2.2    Klager wenst een schadevergoeding van € 150.000,-, het volledig royement van verweerder, de teruggave van een onterecht afgenomen url en excuses van ‘beide heren’. 

3    VERWEER
3.1    Verweerder heeft tegen de klacht verweer gevoerd. De voorzitter zal hierna, waar nodig, op het verweer ingaan.

4    BEOORDELING
4.1    De klacht gaat over de advocaat van de wederpartij. Het algemene uitgangspunt is dat advocaten veel vrijheid hebben om te doen wat in het belang van hun cliënt nodig is. Partijdigheid is niet zonder reden een belangrijke kernwaarde voor advocaten (artikel 10a Advocatenwet). Toch is die vrijheid niet onbeperkt. Advocaten mogen zich niet onnodig grievend uitlaten over de wederpartij. Ook mogen zij niet bewust onjuiste informatie geven. Daarbij geldt dat advocaten de belangen van de cliënt dienen te behartigen aan de hand van het feitenmateriaal dat de cliënt hen verschaft. In dat verband is van belang dat advocaten in het algemeen mogen afgaan op de juistheid van dat feitenmateriaal en slechts in uitzonderingsgevallen gehouden zijn de juistheid daarvan te verifiëren.
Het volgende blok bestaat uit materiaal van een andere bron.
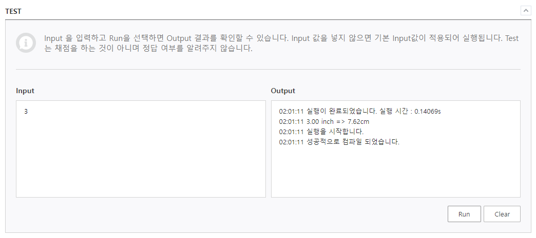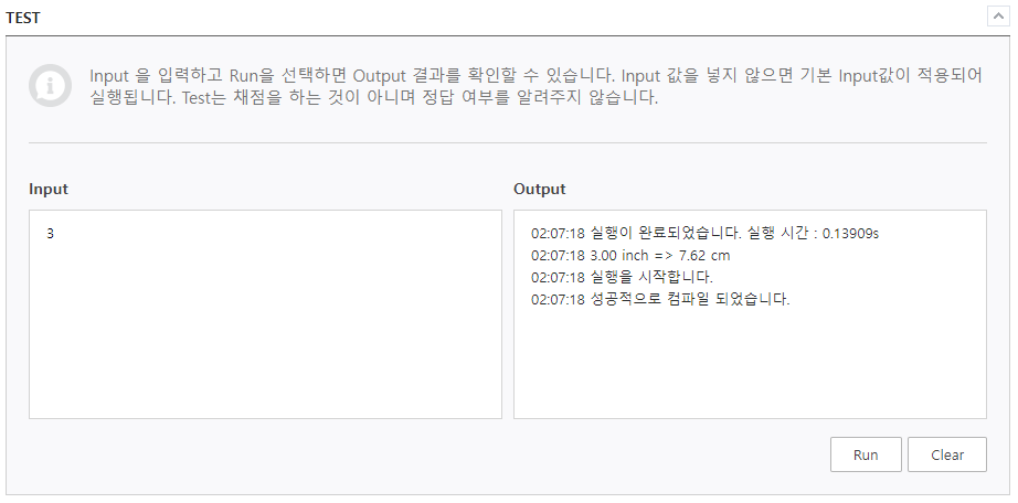 다시 꼼꼼히 문제를 읽었더니, 입력값 3이 출력값에는 3.00으로 나왔길래 부동소수점을 검색했고 소수점 2자리를 뱉게; 하려면 %.2f 을 넣길래 넣어봄. 파이참에서는 답이 잘 나왔음. 근데 또 안 돼ㅋㅋㅋㅋㅋ
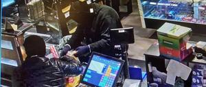 Ein maskierter Täter kam kurz nach Ladenschluss und schlug einem Mitarbeiter mit einer Schusswaffe auf den Kopf. Er erbeutete Bargeld und konnte mit einem Komplizen flüchten.

Tot slot hoeven advocaten in het algemeen niet af te wegen of het voordeel dat zij voor hun cliënt willen bereiken met de middelen waarvan zij zich bedienen, opweegt tegen het nadeel dat zij daarmee aan de wederpartij toebrengen, maar moeten zij zich wel onthouden van middelen die op zichzelf beschouwd ongeoorloofd zijn of die, zonder dat zij tot noemenswaardig voordeel van zijn cliënt strekken, onevenredig nadeel aan de wederpartij toebrengen.
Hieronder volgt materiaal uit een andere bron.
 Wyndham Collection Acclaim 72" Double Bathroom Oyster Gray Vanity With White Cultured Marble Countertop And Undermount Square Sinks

4.2    De voorzitter overweegt dat de klacht ziet op verweerders brief van 26 januari 2024. Klager is het – kort gezegd – niet eens met die brief en het daarin opgenomen standpunt van O. Hij lijkt daarbij verweerder (deels) te vereenzelvigen met O. Verweerder heeft echter, als advocaat van O, het standpunt van zijn cliënt op zakelijke wijze verwoord. Als partijdig belangenbehartiger is dat verweerders taak. Dat klager het niet eens is met dit standpunt, is inherent aan het feit dat er een geschil is tussen O en klager. Uiteindelijk is het aan een civiele rechter om te oordelen over het onderliggende geschil en de standpunten van de cliënt van verweerder tegen die van klager af te wegen. 
4.3    Het is de voorzitter op grond van het klachtdossier niet gebleken dat verweerder onjuist of onzorgvuldig heeft gehandeld of anderszins klagers belangen nodeloos heeft geschaad. Klager maakt verweerder forse verwijten, maar laat na concreet te onderbouwen waarom verweerder onjuist of onzorgvuldig heeft gehandeld. De klacht is kennelijk ongegrond.
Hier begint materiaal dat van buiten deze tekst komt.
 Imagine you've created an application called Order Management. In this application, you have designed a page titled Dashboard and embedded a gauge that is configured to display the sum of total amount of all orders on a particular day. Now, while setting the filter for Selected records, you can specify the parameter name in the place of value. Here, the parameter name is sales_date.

4.4    Voor de door klager gewenste schadevergoeding is geen ruimte, omdat de klacht kennelijk ongegrond wordt verklaard. Voor een ‘royement’ is daarom evenmin aanleiding. Voor de teruggave van de url dient klager zich tot verweerders cliënt te wenden. 

BESLISSING
De voorzitter verklaart: 
de klacht, met toepassing van artikel 46j Advocatenwet, kennelijk ongegrond.

Aldus beslist door mr. A. van Luijck, plaatsvervangend voorzitter, bijgestaan door mr. C.M. van de Kamp als griffier en uitgesproken in het openbaar op 31 juli 2024.